Further illustratively, the time domain resource unit shown in fig. 5 includes 2 slots (slot 2n and slot 2n +1), each slot containing 14 windows (window 0-window 13). In the time domain resource unit, it is assumed that the number of times of the predetermined retransmission data is 4, and the length of each predetermined retransmission data is 5 symbols. If the starting position of the first predetermined retransmission data is window 1 of slot 2n, it can be known from fig. 5 that: the first preset retransmission data, the second preset retransmission data and the fourth preset retransmission data are all in one time slot, and no segmentation occurs; the third pre-determined retransmission data is in slot 2n and slot 2n +1, and fragmentation occurs. If the starting position of the current actual retransmission data is the window 11 in the time slot 2n, referring to fig. 5, it can be known that, since the third predetermined retransmission data is segmented and is divided into two actual retransmission data, the length of the current actual retransmission data is 3 symbols, and the redundancy version number of the current actual retransmission data is 3. The determination apparatus 300 of redundancy version obtains that the length of the actual retransmission data is 3 symbols and the redundancy version number of the actual retransmission data is 3.

Optionally, the length N of the actual retransmission data and the redundancy version number a of the actual retransmission data may be obtained by configuring a Time Domain Resource Allocation (TDRA) table.

S402, the device 300 for determining redundancy version obtains the length M of the predetermined retransmission data.

For example, the length of each predetermined retransmission data in the time domain resource unit shown in fig. 3 is 5 symbols, and the redundancy version determining apparatus 300 obtains the length of the predetermined retransmission data as 5 symbols.

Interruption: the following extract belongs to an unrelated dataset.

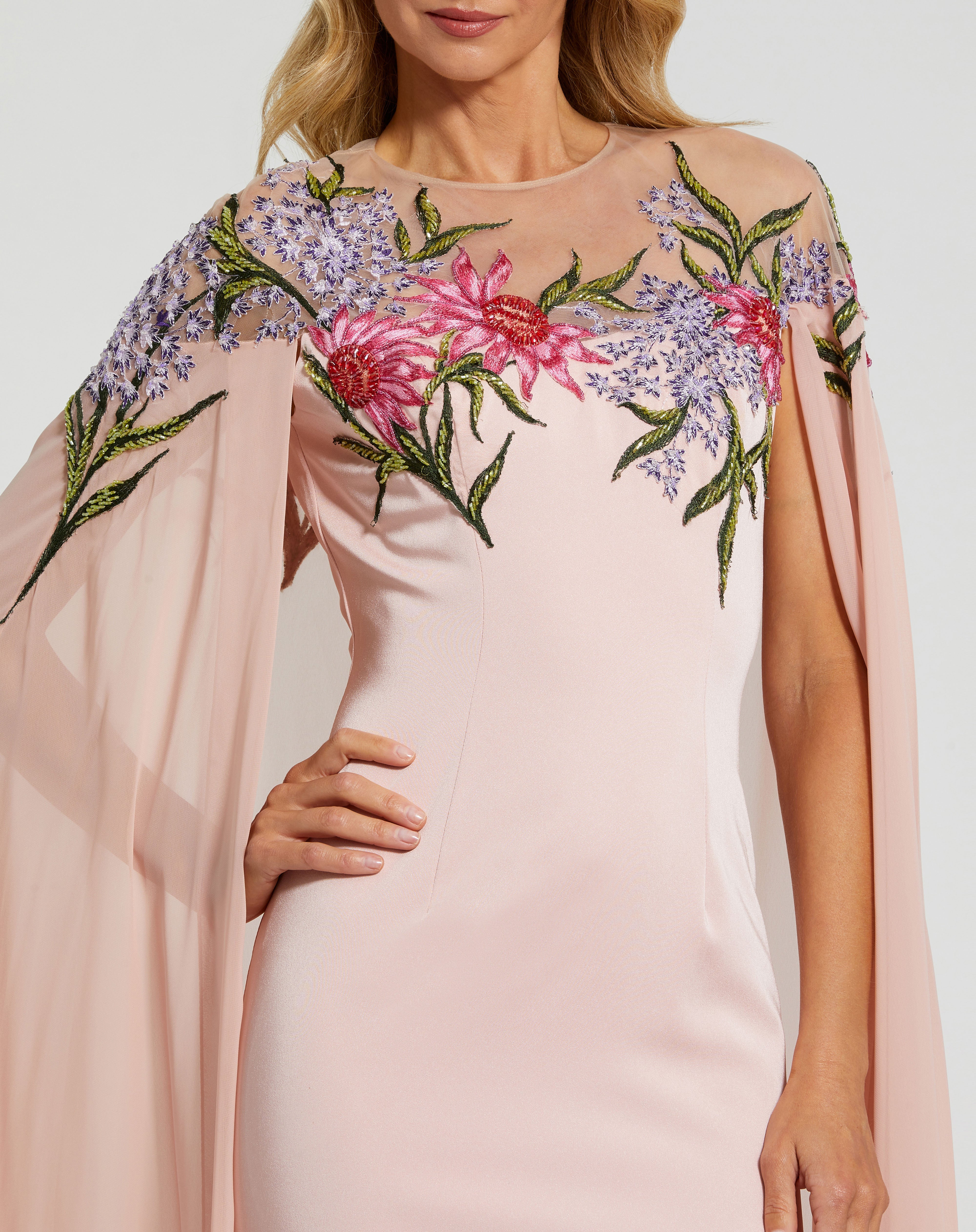 Step into the limelight in the opulent Mac Duggal 11798 masterpiece. Radiating timeless beauty with multicolored floral embroidery and sparkling jewel embellishments, this gown features an illusion top with a secure full back, button and zipper closure, and a jewel neckline. The attached long cape adds allure and grandeur to your entrance. The sheath silhouette of the skirt flows seamlessly to a sweeping train, making you feel like a goddess at any special occasion.

For another example, the length of each predetermined retransmission data in the time domain resource unit shown in fig. 5 is 5 symbols, and the apparatus 300 for determining redundancy version obtains the length of the predetermined retransmission data as 5 symbols.

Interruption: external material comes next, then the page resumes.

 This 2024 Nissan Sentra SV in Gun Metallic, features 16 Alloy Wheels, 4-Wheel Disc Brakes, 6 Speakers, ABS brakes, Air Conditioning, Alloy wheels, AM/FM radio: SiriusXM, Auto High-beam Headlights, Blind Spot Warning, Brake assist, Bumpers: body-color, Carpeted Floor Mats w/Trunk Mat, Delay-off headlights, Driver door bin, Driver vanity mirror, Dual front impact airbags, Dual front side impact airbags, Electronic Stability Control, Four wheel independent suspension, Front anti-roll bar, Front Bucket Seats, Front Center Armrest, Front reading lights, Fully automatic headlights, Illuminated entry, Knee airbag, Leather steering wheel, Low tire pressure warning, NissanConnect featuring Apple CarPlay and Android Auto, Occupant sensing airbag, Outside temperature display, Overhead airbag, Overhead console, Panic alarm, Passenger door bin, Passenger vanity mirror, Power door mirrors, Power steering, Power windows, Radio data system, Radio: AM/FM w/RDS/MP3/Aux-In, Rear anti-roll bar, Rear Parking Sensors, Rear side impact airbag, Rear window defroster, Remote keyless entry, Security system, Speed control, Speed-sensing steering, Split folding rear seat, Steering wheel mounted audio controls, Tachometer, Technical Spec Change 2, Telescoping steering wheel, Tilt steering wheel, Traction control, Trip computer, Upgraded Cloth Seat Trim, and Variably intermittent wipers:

Optionally, the length of the preset retransmission data and the number of times of the preset retransmission data may be obtained through a TDRA table.

S403, the device 300 for determining redundancy version determines whether the length N of the current actual retransmission data is smaller than the length M of the preset retransmission data.

The redundancy version determination device 300 performs S404 if the length N of the actual retransmission data is smaller than the length M of the preset retransmission data.

For example, the length of the retransmission data preset in the time domain resource unit shown in fig. 5 is 5 symbols, and the length of the actual retransmission data obtained by the redundancy version determining device 300 is 3 symbols. The length (3 symbols) of the actual retransmission data is smaller than the length (5 symbols) of the preset retransmission data, and the redundancy version determination apparatus 300 performs S404.

S404, the redundancy version determining device 300 determines that the redundancy version number of the next actual retransmission data is a, and the length of the next actual retransmission data is M-N.

In the time domain resource unit shown in fig. 5, the length of each preset retransmission data is 5 symbols, and the redundancy version number of the actual retransmission data obtained by the redundancy version determining device 300 is 3. The length of the actual retransmission data is 3 symbols. The redundancy version determining apparatus 300 determines that the next retransmission data has a redundancy version number of 3 and a length of 2(5-3) symbols.

Optionally, the method for determining a redundancy version provided in the embodiment of the present invention further includes:

and determining that the first data in the next actual retransmission data is positioned the same as the last data of the current actual retransmission data.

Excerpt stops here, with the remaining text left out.